(The data begins)

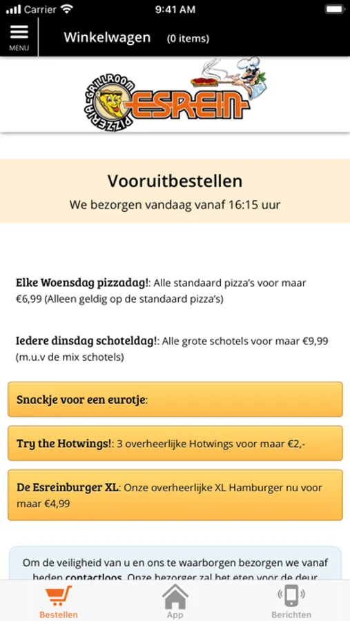 Download onze app en blijf op de hoogte van het laatste nieuws en de nieuwste acties, aanbiedingen en kortingen. Via onze app kunt u onze menukaart bekijken en direct vanaf uw telefoon uw bestelling plaatsen. U kunt via de app ook met iDEAL betalen!
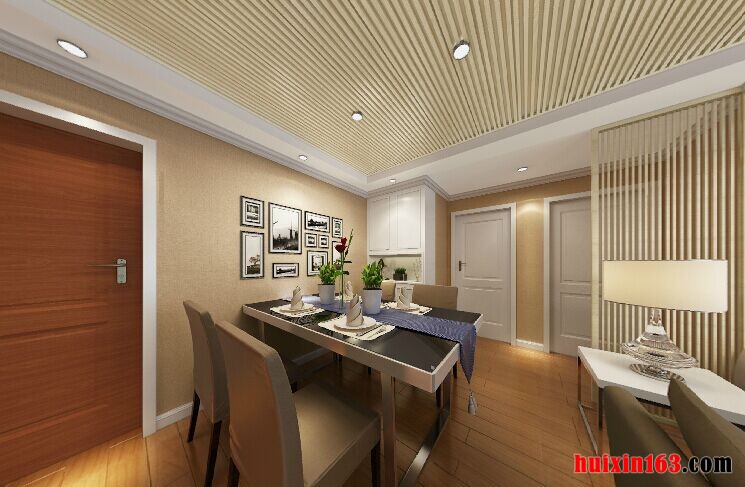 简约风的装修布置,所展现的是一种现代生活所追求的时尚与潮流感,在客厅的装饰当中,简单的家具陈设,浅色系的色彩搭配,营造出一种浪漫、清新的氛围,个性的吊顶设计,在视觉感观上给人展现出一种动态感,实木铺设的地板,在装饰效果以及体验效果上都有着良好的感觉,落地窗的设计搭配上轻质的窗帘,让空间的采光显得比较明亮透彻,整个空间的色彩基本上是以暖色系为主,为空间展现出一种浪漫温馨的氛围,墙面四周射灯的安装,若影若现的灯光,犹如一种繁星点缀的效果,电视柜旁一盆装饰花卉的摆放,在通过灯光的营造也展现出一种别样的美感。
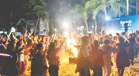 游客在王府洲沙滩上的篝火晚会尽情玩耍。
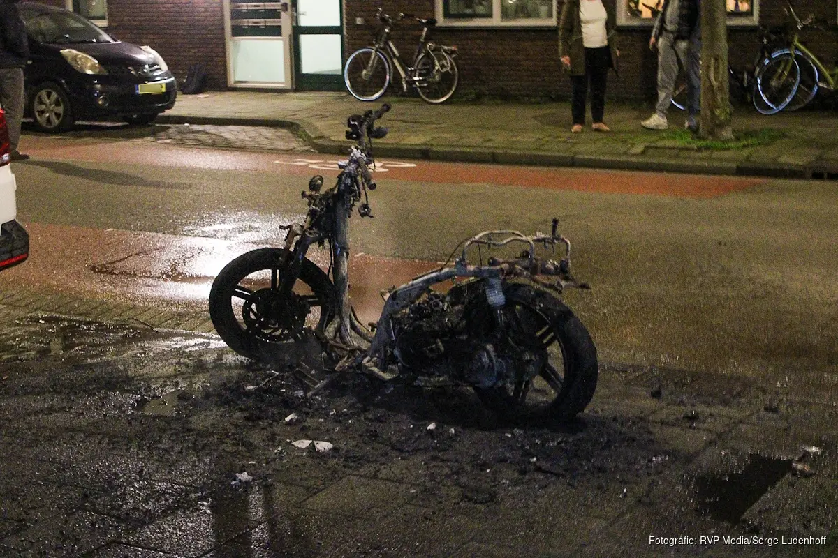 Bij aankomst bleek een scooter, die op de stoep voor de deur van een woning stond, in brand te zijn gevlogen. De scooter kan door de brand als verloren worden beschouwd.
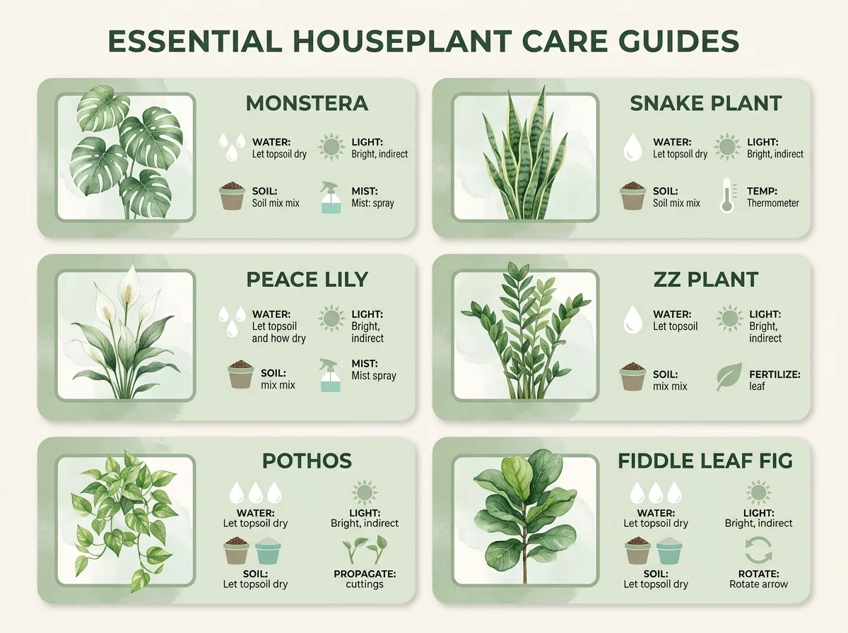 Care cards for 6 popular indoor plants covering light needs, watering frequency, difficulty rating, and essential care tips
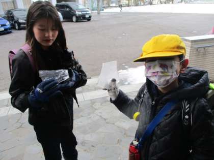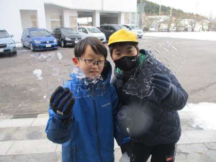 さて今朝は、とても冷え込みました。今年一番の寒さではないかと思う程です。おそらく放射冷却のためでしょうが、この寒でさえ子供たちの手にかかると「遊び」の一環に組み込まれてしまいます。登校途中でも、登校してからも、子供たちは面白いことを探し出します。氷と化した雪の小山に登るとか、パリパリの雪の上を歩くとか、中でも今日の話題の中心は「氷」でした。いろんな所で探し出してきた「お宝」を見せてくれました。
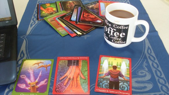 Greetings, This is actually Saturday morning (Memorial Day Weekend), as I write this.; and I sit now on the back porch, big old coffee mug beside me; lawn mowers humming in the background, tarot cards on the table beside me. I’m going to do one of my favorite things to do with tarot– I’m going to pull a set of triplicates. I’m just letting the universe speak to me. It might have something to say to me personally, or it might be tapping me on the shoulder with a message for someone else. I never know.
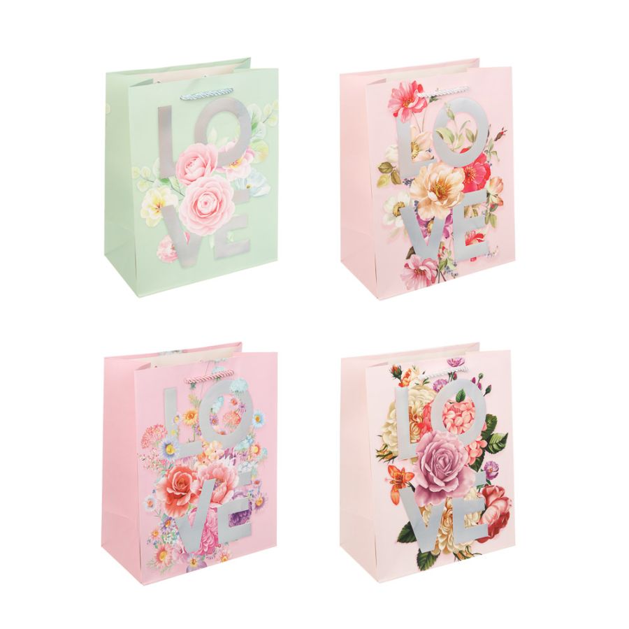 Пакет (сумка) подарочный 18*23*10см, бумажный, Fntastic 4 дизайна, цветы

(The data ends)

Among the entries above, locate the line with "简约风的装修布置,所展现的是" and the line with "Care cards for". Give those two lines and all lines between them again, exactly, leaving out the pictures.

**Response for this exercise**
 简约风的装修布置,所展现的是一种现代生活所追求的时尚与潮流感,在客厅的装饰当中,简单的家具陈设,浅色系的色彩搭配,营造出一种浪漫、清新的氛围,个性的吊顶设计,在视觉感观上给人展现出一种动态感,实木铺设的地板,在装饰效果以及体验效果上都有着良好的感觉,落地窗的设计搭配上轻质的窗帘,让空间的采光显得比较明亮透彻,整个空间的色彩基本上是以暖色系为主,为空间展现出一种浪漫温馨的氛围,墙面四周射灯的安装,若影若现的灯光,犹如一种繁星点缀的效果,电视柜旁一盆装饰花卉的摆放,在通过灯光的营造也展现出一种别样的美感。
 游客在王府洲沙滩上的篝火晚会尽情玩耍。
 Bij aankomst bleek een scooter, die op de stoep voor de deur van een woning stond, in brand te zijn gevlogen. De scooter kan door de brand als verloren worden beschouwd.
 Care cards for 6 popular indoor plants covering light needs, watering frequency, difficulty rating, and essential care tips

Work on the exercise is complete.